Man-made radioactivity could increase biodiversity by creating new mutations. Some of them could become viable. However, we usually don't like to think that this is also an increase of biodiversity - except that it is.

The Wikipedia article also tells you that 99.9% of species that have ever lived on Earth have gone extinct. Life is constantly evolving. While in the last 250 million years, it usually meant that the biodiversity was increasing, this increase is just a difference between the number of new species and the species that went extinct. Both groups have always been large. Life has always been changing. That's a key statement of evolution.

Biodiversity is a nice thing but it has so many subtle aspects that I can't imagine how this concept could be used to control particular companies in the West - or human thinking. Who would be the denier? It just doesn't seem to work as well as the climate disruption propaganda. Moreover, everyone kind of knows that the most important negative changes of the Earth's aggregate biodiversity are probably perpetrated by the people who live near the tropical forests.
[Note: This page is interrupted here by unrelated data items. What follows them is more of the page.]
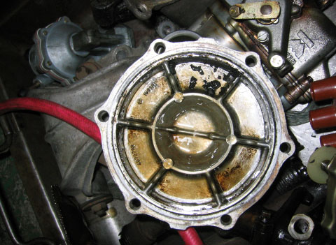 写真12.ディストリビューター本体内部 まぶしいばかりに光り輝くディストリビュータ内部。この部品は良く不調となり、いつも泣かされてきたものだが、ここまでオーバーホールすればもう大丈夫であろう。 ヽ(´ー`)ノ |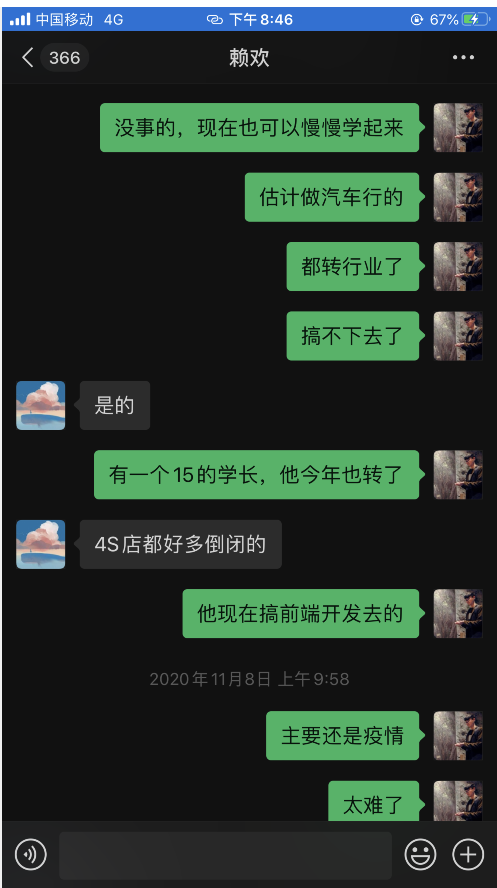 然后空闲的时候,我就向这些学长问一下待遇咋样;我清楚的记得当时一个学长和我实习期一个月1000块(当时我是在赣州那边,因为我大专是在赣州读的),而且还不吃住的那种哦,转正也才1500;你看到这里,你会脱口而出:卧槽!才这么点钱,这怎么活啊,但是事实就是这样,赣州消费水平也不低,平时吃个饭也怎么要十来块;还有后来我在学校准备专升本(hh,说到这个我自己也不咋后悔没有考上,有得就失,鱼和熊掌不可兼得!),听我的同学以及同学院的朋友出去去其他城市分享的待遇情况,比我刚才好不了多少,工资大概也就三千最多,如果是做汽车销售,按提成来拿的话,工资可能就会更高一点。你说这么点工资在现在这个社会怎么活,更别说有存钱的说法了,连养活自己都很难。所以在我毕业一年了,我平时也会和一些以前同学和朋友聊到他们现在在干啥: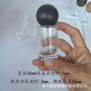 30ml圆柱;银塑卡+黑木球盖;透明玻璃
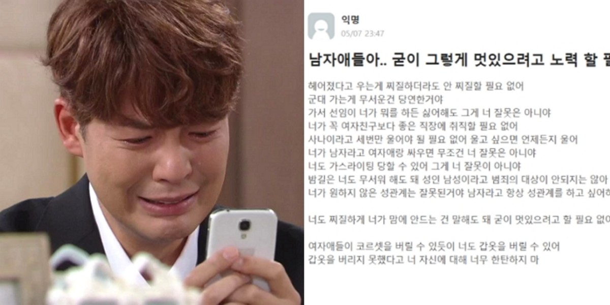 작성자 A씨는 "헤어졌다고 우는 게 찌질하더라도 안 찌질할 필요 없어. 군대 가는 게 무서운 건 당연한거야"라며 말문을 열었다.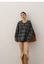 Oversized Cozy Fuzzy Knit Polo Sweater (Solid/Striped)

Other hot centers of biodiversity are coral reefs. I don't really believe it's conceivable that their total "amount of life" or "amount of biodiversity" is going to drop to zero in 20 or 40 years, as some people claim. But that doesn't mean we shouldn't try to monitor these things and help these ecosystems if we can. However, we should also understand that our overly active attempts to "help" may actually be harmful because we're neither omniscient not omnipotent - and sometimes we're not even omnipresent. :-)

Add to Digg this Add to reddit

snail feedback (2) :

reader Francisco said...

If this is the next crisis, they may need to drop CO2 as the major boogeyman, as it will be hard to show how an increase in atmospheric CO2 would reduce biodiversity (it should increase it, if anything). And if the main goal is to commoditize carbon, it’s hard to see how it will be done without the CO2 magic phantom. CO2 is the perfect vilain because, whatever its overall effect on climate might be, so little is known about it that it allows for endless quibbling and hypothetical speculation one way or another.

Anthony Watts has a post on a new urgent plead by scientists to get 15 Billion dollars to measure ocean pH. They say, among other things:“Most ocean experts believe the future ocean will be saltier, hotter, more acidic, and less diverse”

If the oceans get hotter, then how are they going to absorb more CO2 to become more acidic?
And if they get a lot of fresh water from supposed future melting of land ice, how are they going to become saltier?

reader wstarck said...

The biodiversity threat to coral reefs has been vastly exaggerated. There is no record of even one human caused extinction of any species of coral reef fishes or invertebrates. Although some coastal reefs have been heavily impacted by pollution and overfishing, vast areas of oceanic reefs still exist in superb natural condition.

The popular notion of reefs being "delicate" and "fragile" is nonsense. They are routinely devastated by tropical storms but rapidly recover. The species assemblages which comprise healthy reefs communities may vary from a hundred species of fishes in the Eastern Pacific to over 1200 in the far Western Pacific and the corals from only a half-dozen species in the east to as much as 600 in the west. Even on a given reef species can change significantly over time due to random variables of planktonic distribution. These are highly variable and adaptable communities.

A few months ago I visited an area in Papua New Guinea where shallow water geothermal vents result in a continuous bubble bath of CO2 in the midst of a healthy coral reef. The pH of the water amidst the corals was 7.74. This is lower than is predicted by the alarmists for the end of the century.

It would be nice to think that ongoing supplies of fossil fuels are so assured that this is something we should start worring about now.